Quote Originally Posted by imcold
Ebx should be saved and restored by compiler, if it's listed in registerlist after an asm block - Ref. guide, 10.3 Assembler statements. If it's not, it's a bug in fpc, I believe.
Two tips for some extra speed:
- align src/dest/corr to addresses that are multiplies of 16 (and replace movdqu with movdqa, it should help mainly on intel cpus)
- try to prefetch the next row (or couple of rows) of pixels (helps in some cases, sometimes it doesnt).
src and dest are loaded in 8 byte quantities, and aligned 4 bytes on D7, and 8 bytes on D2006 (fastmm aligns to 8 bytes). I can't change that easily, except by replacing the heapmgr, but if you load in 8 byte values, you'll never stay 16-byte aligned long. I do use D2006 because of this reason for the speed dependant projects. (and also the SSE3 support for LDDQ)

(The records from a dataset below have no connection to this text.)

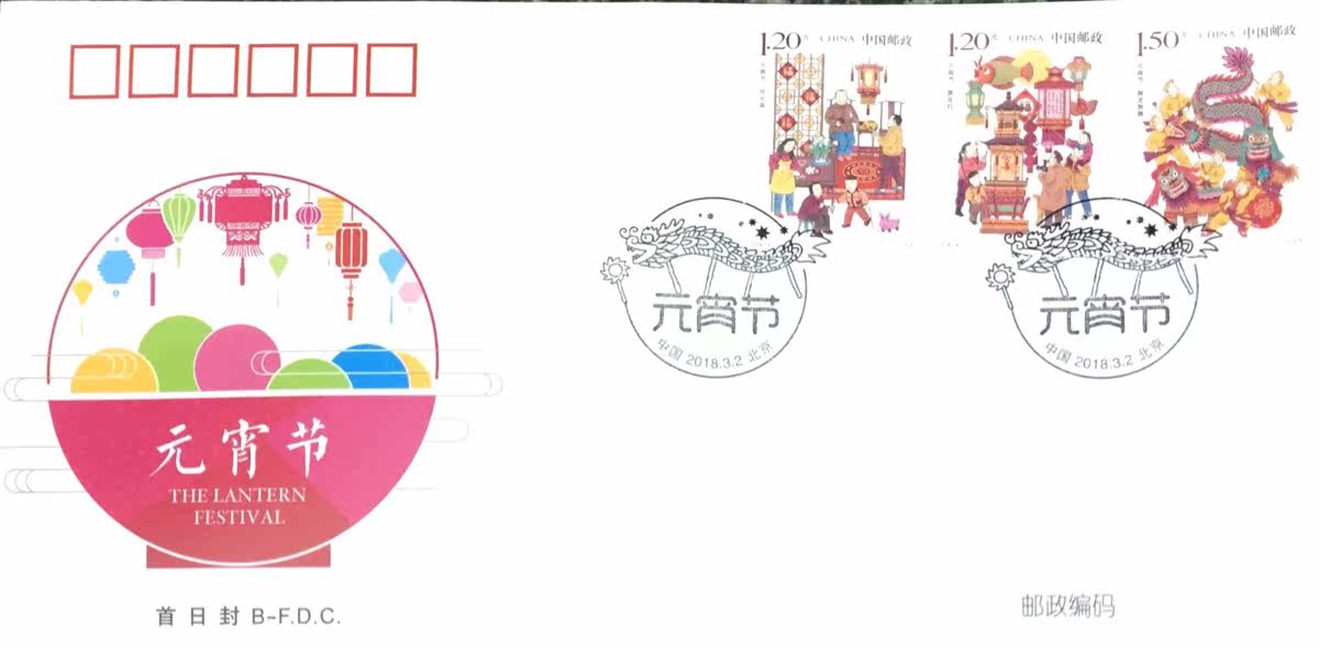 2018-4 元宵节 特种邮票首日封北京分封B-F.D.C.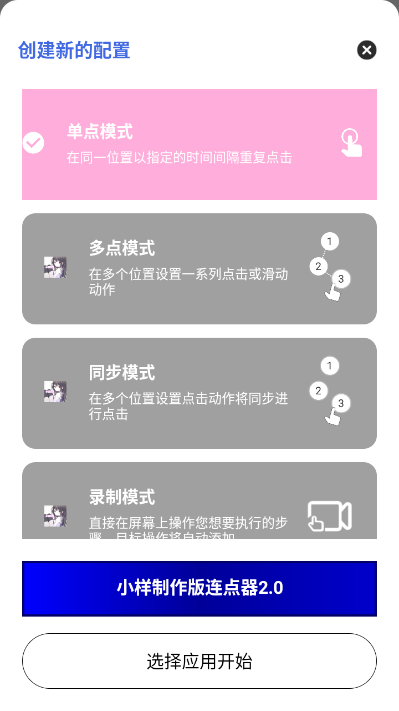小样制作版连点器app是款能够解放双手的连点器工具,它为用户提供了多种操作录制功能,能够满足游戏、工作、日常等不同场景下的使用需求,为用户节省大量时间,有需要的可以下载试试!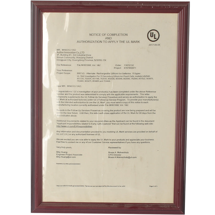 This qualification is the most basic in the battery qualification certification, pass section 38.3 of the UN Manual of Tests and Criteria (UN Transportation Testing) to ensure the safety of lithium batteries during shipping.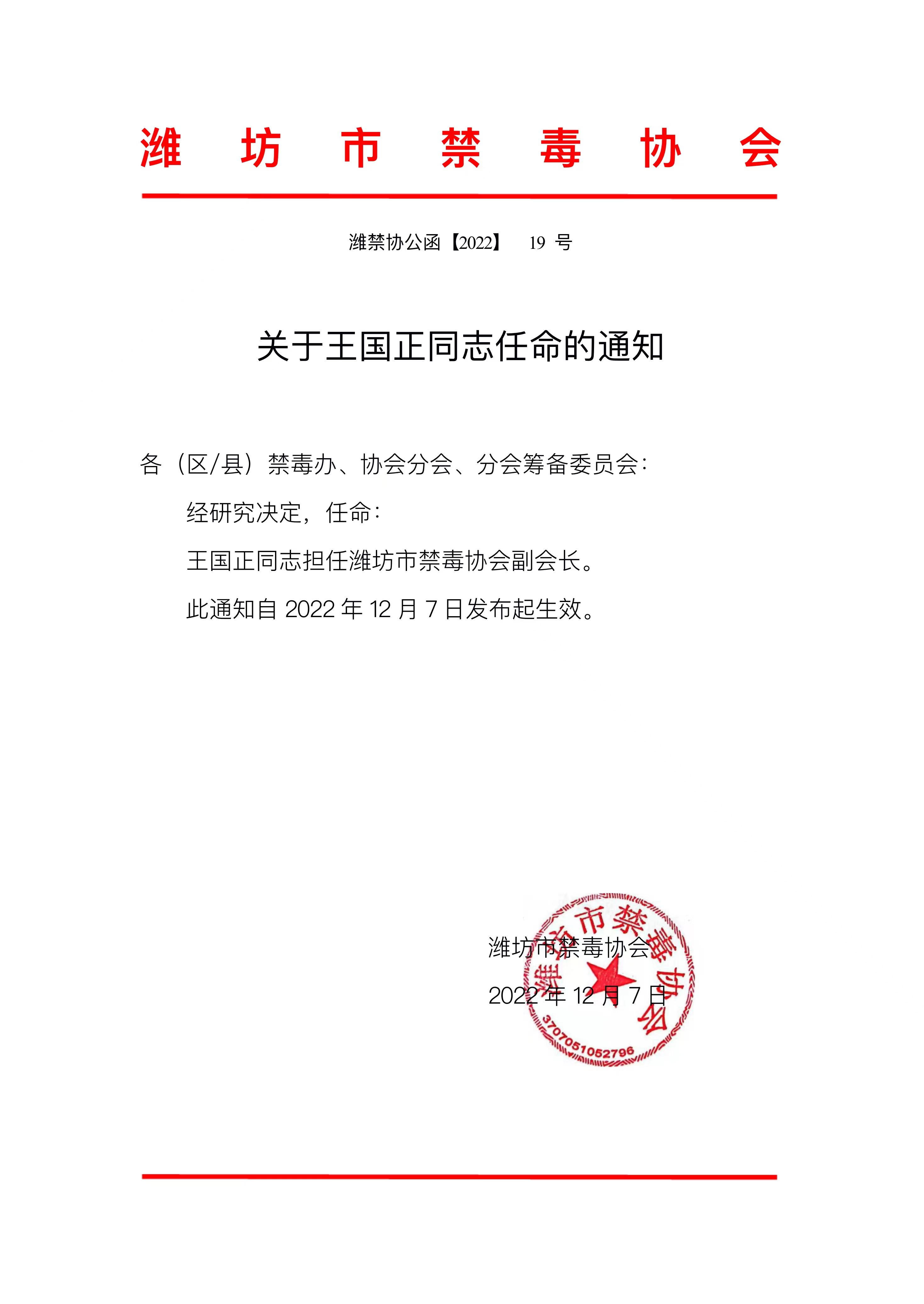 关于王国正同志任命的通知
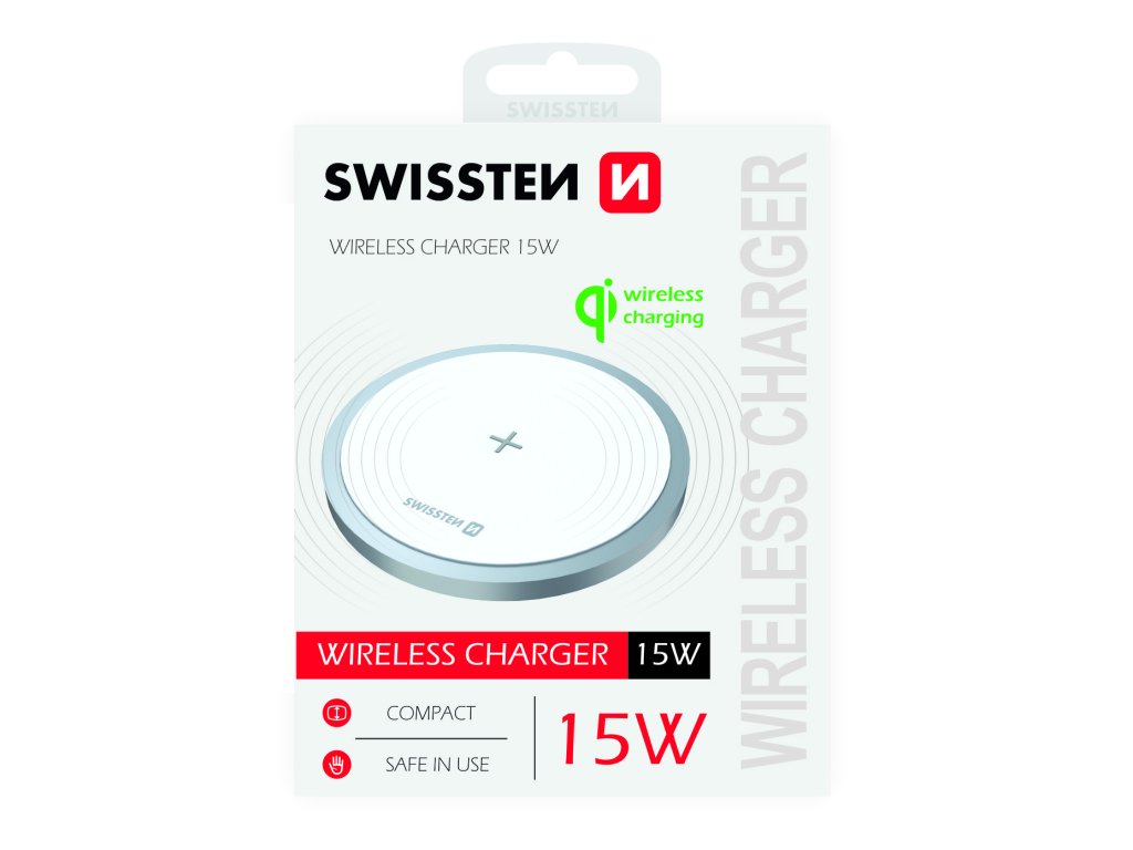 Elegantní bezdrátová nabíječka SWISSTEN s vysokým výstupním výkonem 15W. Baleno v blistru SWISSTEN.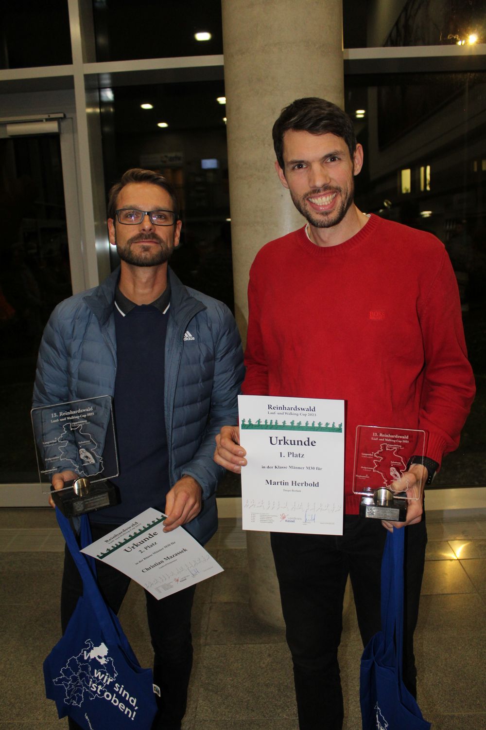 Gleich zwei Gesamtsieger im Männerfeld zeichnete Pietsch für den dienstlich verhinderten Landrat Andreas Siebert im Foyer des Kreishauses in Kassel aus. Christian Mazassek (LT Hofgeismar) und Michael Fiess (TSV Vaake) kamen nach drei von fünf gewerteten Rennen auf die gleiche Punktzahl und verhinderten den möglichen vierten Cup-Sieg von Martin Herbold (Tuspo Borken), der dann Rekordsieger geworden wäre. Dabei gab es ein Kuriosum: Während Mazassek im Gesamteinlauf bei den Läufen besser abschnitt als Herbold, musste sich der Hofgeismarer in der Altersklasse M30 mit einem Punkt Rückstand geschlagen geben. Bei zwei direkten Duellen in Hofgeismar und Niedermeiser lag Mazassek immer vor Fiess.

I aligned the cor array to 32 byte, and have an ifdef to load it and use lddq, but no improvement. Probably hitting memory bandwith limits.

I doubt prefetch will do much, since I simply walk through a 4MB memory block from 0 to 4MB-1. If the predictor in the CPU can't predict that, there is no point in having prefetch in the first place ;_)

I'm currently trying this in Delphi btw, so no registerlist. BTW: afaik registerlist works for blocks, but has no effect on assembler procedures.